3. DO DECROUXIANO E DO DRAMÁTICO

3.8 UMA REFLEXÃO SOBRE A MORTE DO DRAMA

Jean-Pierre Sarrazac, no artigo A reprise (resposta ao pós-dramático), publicado como introdução ao livro Études Théatrales 38-39/2007 – La Reinvention du drame (sous l’influence de la scène) (2010), analisa o drama e sua potência interna levando adiante a discussão aberta por Lehmann. Para tanto, parte do princípio de que se existe uma categoria pós-dramática, ela baseia-se na afirmação de uma suposta morte ou, no mínimo, ineficiência e inadequação do drama. Contudo, longe de admitir a extinção de tal forma, Sarrazac se põe a examinar o que, de fato, caracteriza o drama e quais são suas possibilidades de atuação.

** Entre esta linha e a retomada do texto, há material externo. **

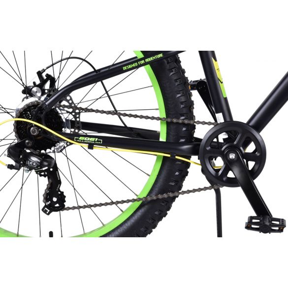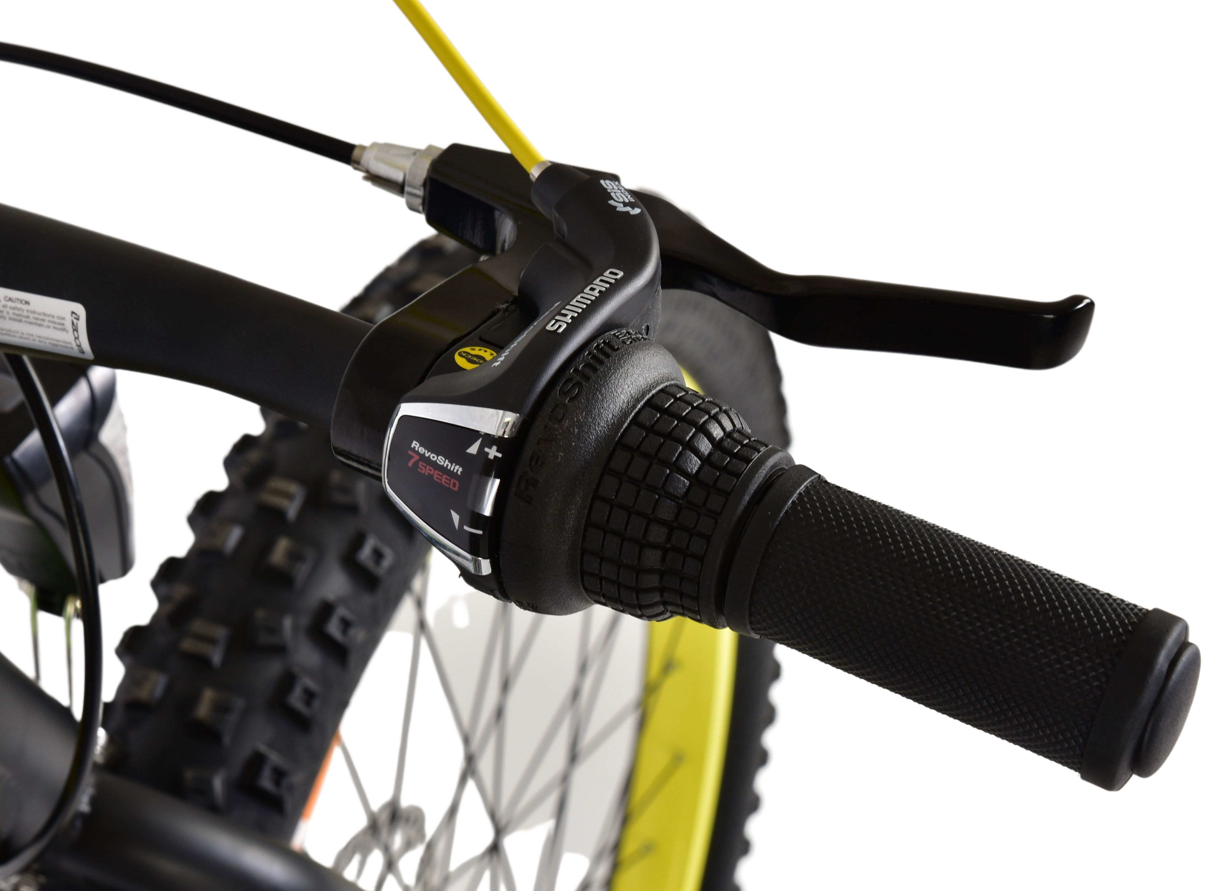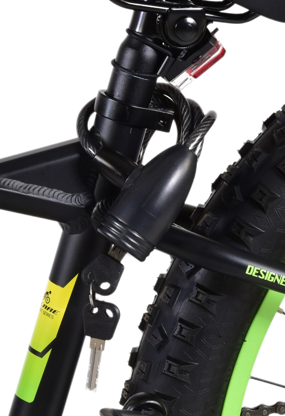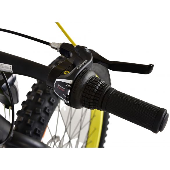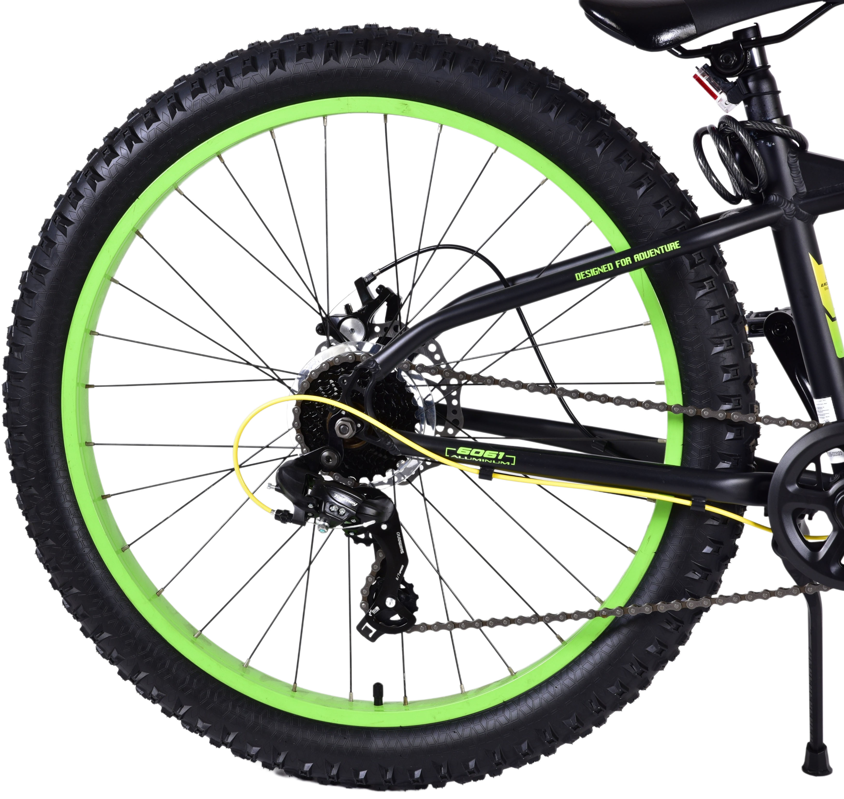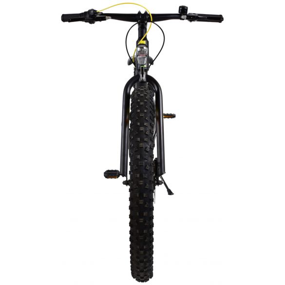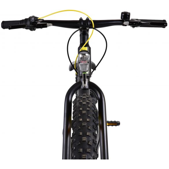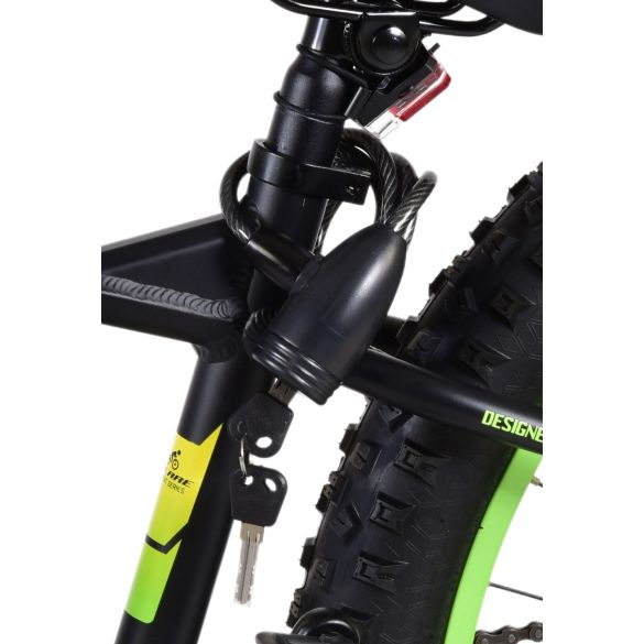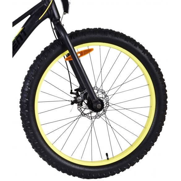 Sicherheit geht vor! Deshalb hat dieses coole Fahrrad auch keine Rücktrittbremse, sondern zwei Handbremsen. Außerdem ist das Fahrrad mit Vorder- und Rücklicht, einem stabilen Schloss und einer Klingel ausgestattet. Der geneigte Lenkervorbau ermöglicht eine bessere Sicht auf die Straße, ist aber nicht höhenverstellbar. Auch an den Komfort wurde gedacht. Das schöne schwarze Volare-Fahrrad mit gelben und grünen Akzenten hat einen extra leichten Aluminiumrahmen, einen Ständer, damit Ihr Fahrrad ordentlich an seinem Platz bleibt, extra breite Reifen, 7 Gänge und weiche Griffe aus Kraton. Damit Sie möglichst lange Freude an Ihrem Fahrrad haben, ist der Sattel höhenverstellbar.

Sarrazac, em sua reflexão analítica, toma a palavra ação e observa o termo como utilizado por Aristóteles, em grego, assim como a definição grega que a conceitua. Em grego, ação é designada pelo termo práxis e, segundo Sarrazac, cobre um campo muito mais amplo incluindo também os estados do humano. Se observarmos a Poética, de fato, Aristóteles (2004) não se põe a definir ação, mas faz sugestões de como ela deveria ser articulada na tragédia, de modo a afetar com mais eficiência a platéia à qual se destina. Aristóteles fala da fábula como imitação da ação de homens bons ou maus, articulada para causar prazer na audiência, na comédia, e no caso da tragédia, terror e piedade, contudo, não designa o que entende por ação dramática.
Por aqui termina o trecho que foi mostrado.